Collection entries
━━━━━━━━━━━━━━━━━━━━
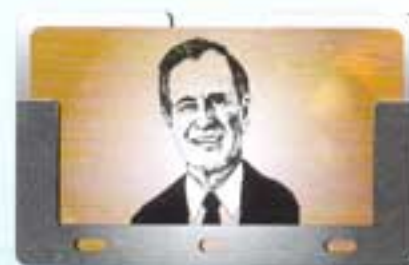
โถงบัตร พลาตติกยูทอนันต์
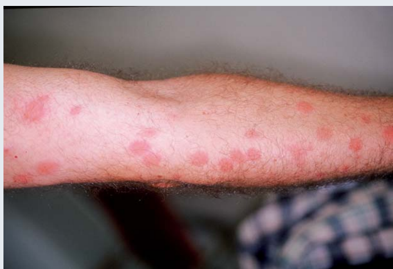
Figure 5. Lésions à type de macules et de papules érythémateuses disposées en ligne.

insectes rampants, à pulvériser sur les points de repos précités, peuvent avoir une efficacité rapide si l'infestation n'est pas trop importante, mais, dans la majorité des cas, le recours à un désinsectiseur professionnel s'avère indispensable.
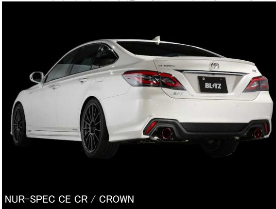
NUR-SPEC CE CR / CROWN
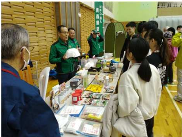
【防災グッズの展示】
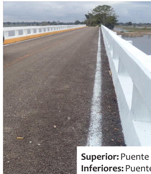
Superior: Puente Pocvicuc Inferiores: Puente Jobal
━━━━━━━━━━━━━━━━━━━━
:: Aim of the task ::
Please quote exactly the run of lines that starts the entries and ends at the line containing "Figure 5. Lésions", leaving out every picture.

:: Your response ::
โถงบัตร พลาตติกยูทอนันต์
Figure 5. Lésions à type de macules et de papules érythémateuses disposées en ligne.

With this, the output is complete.